DBT Cloud (via Collector method) - v3.1.0

About Collectors

Pre-requisites

Python 3.8 - 3.11
Access to K landing directory
Access to DBT Cloud

Unlike the other collectors, the DBT extractor produces manifest, catalog and run_result json files instead of csv files. Do not be alarmed if you see these.

This only works for DBT Cloud not DBT Core.

Step 1: Create the Source in K

Create a DBT Cloud source in K

Go to Settings, Select Sources and click Add Source
Select "Load from File system" option
Give the source a Name - e.g.
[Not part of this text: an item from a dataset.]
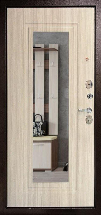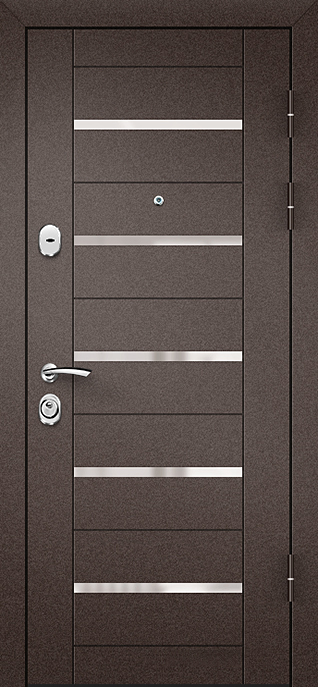 Прочный стальной каркас, лист металла толщиной 2 мм и система блокираторов делают эту модель надежным барьером для квартиры, офиса или частного дома. Внешняя поверхность покрыта молотковым напылением, устойчивым к механическим повреждениям и перепадам температуры, благодаря чему дверь сохраняет аккуратный вид долгие годы. Внутренняя накладка МДФ добавляет уюта и гармонично сочетается с интерьером прихожей. Зеркало на полотне выполняет не только декоративную функцию, но и делает пространство визуально шире. Зеленая входная дверь в квартиру №2 комплектуется двумя замками российских производителей — сувальдным Просам и цилиндровым Мосрентген, каждый из которых оснащён тремя ригелями. Два контура резинового уплотнения помогают минимизировать сквозняки и шум, а возможность выбрать сторону и тип открывания делает установку максимально удобной. При необходимости отделку, замки и дополнительные элементы можно адаптировать под индивидуальные требования. Зеленая входная дверь в квартиру №2 от производителя: быстрое изготовление и монтаж в Нахабино, индивидуальные размеры, широкий выбор материалов и фурнитуры, официальная гарантия до 10 лет.
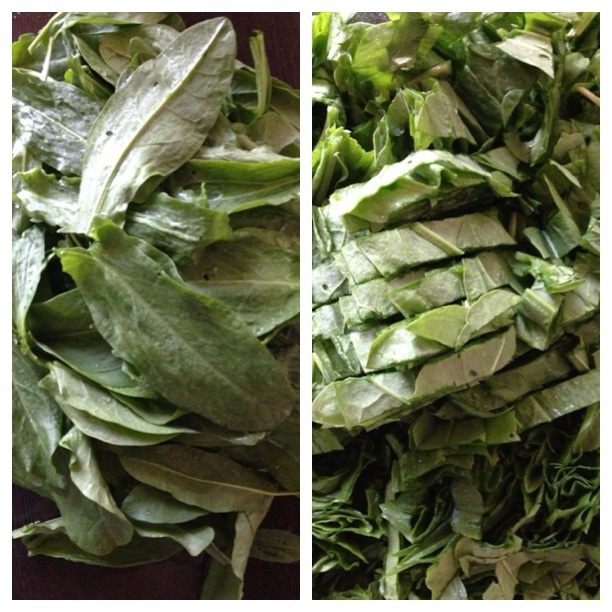 Щавель промыть, дать стечь воде и нарезать соломкой. Духовку разогреть до 180 градусов.

DBT Cloud Production
Add the Host name for the DBT Cloud Server
Click Finish Setup

Step 2: Getting Access to the Source Landing Directory

Step 3: Install the Collector

You can download the Latest Core Library and whl via Platform Settings → Sources → Download Collectors

Run the following command to install the collector

pip install kada_collectors_extractors_<version>-none-any.whl

You will also need to install the common library kada_collectors_lib for this collector to function properly.

pip install kada_collectors_lib-<version>-none-any.whl

Step 4: Configure the Collector

FIELD	FIELD TYPE	DESCRIPTION	EXAMPLE
account_id	string	DBT cloud account Id	"xxxxx.australia-east.azure"
environment_ids	list<string>	List of environment Ids to extract	12345,234234
token	string	Generated token from the DBT console
output_path	string	Absolute path to the output location	"/tmp/output"
timeout	integer	By default we allow 20 seconds for the API to respond	20
mapping	JSON	Mapping between DBT project ids and their corresponding database host value in K	{"60125": "af33141.australia-east.azure"}
dry_run	boolean	If you enable dry run, the extractor will simply produce the mapping.json file only	false
compress	boolean	To gzip the output or not	true

kada_dbt_extractor_config.json

{
    "account_id": "",
    "token": "",
    "output_path": "/tmp/output",
    "timeout": 20,
    "mapping": {},
    "dry_run": false,
    "compress": true,
    "environment_ids": [123,64]
}

Step 5: Run the Collector

This is the wrapper script: kada_dbt_extractor.py

import os
import argparse
from kada_collectors.extractors.utils import load_config, get_hwm, publish_hwm, get_generic_logger
from kada_collectors.extractors.dbt import Extractor

get_generic_logger('root')

_type = 'dbt'
dirname = os.path.dirname(__file__)
filename = os.path.join(dirname, 'kada_{}_extractor_config.json'.format(_type))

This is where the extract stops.